De cijfers in dit scenario zijn gebaseerd op een eerder onderzoek dat ABF Research in 2013 opdracht van het ministerie van Binnenlandse zaken deed.

Daaruit bleek dat als het sociaal leenstelsel wordt ingevoerd 51 procent van de respondenten langer thuis blijft wonen. Veertien procent van de geënquêteerde studenten gaf aan dan maar hun kamer te verlaten en weer in het ouderlijk huis te gaan wonen.

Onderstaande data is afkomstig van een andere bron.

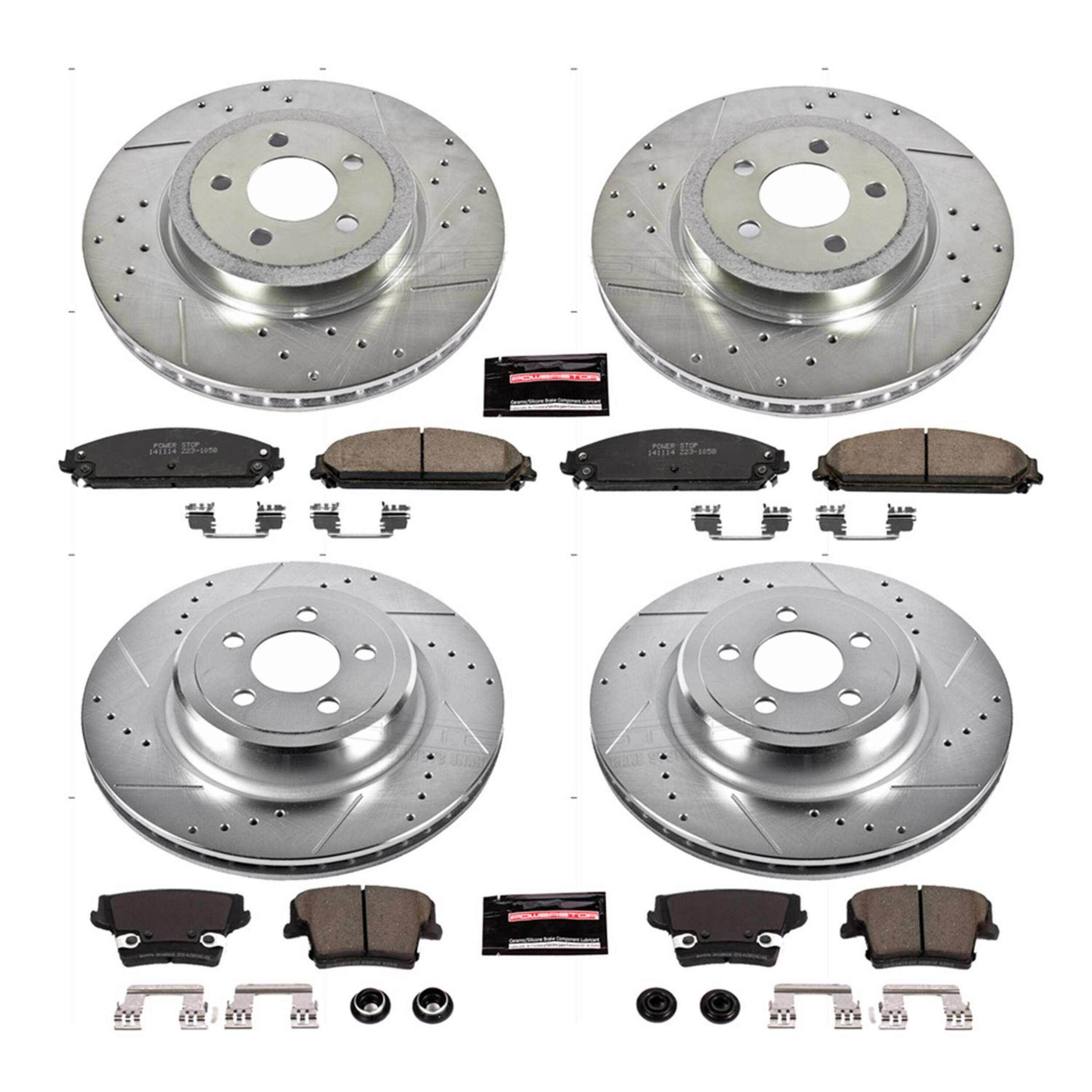 The Power Stop Z23 Evolution Sport Performance Brake Kit - Front & Rear delivers enhanced braking power with its Z23 Carbon-Fiber Ceramic formula. It offers dust-free operation and virtually noise-free braking due to premium rubberized shims. The kit includes drilled and slotted performance rotors for maximum cooling. The rotors, excluding hub assemblies, are zinc-plated to guard against rust. The package also contains ceramic brake lubricant, a premium hardware kit, 2 sets of brake pads, and 4 rotors. Additionally, the installation hardware is also included, making it a comprehensive brake kit for your vehicle.

Kences geeft toe dat er haken en ogen aan het scenario zitten. ‘Bij prognoses zijn er altijd onzekerheden. Als gevolg van de invoering van het studievoorschot zijn deze onzekerheden voor prognoses van het aantal thuis- en uitwonende studenten aanzienlijk. Daarom moet er rekening worden gehouden met een bandbreedte.’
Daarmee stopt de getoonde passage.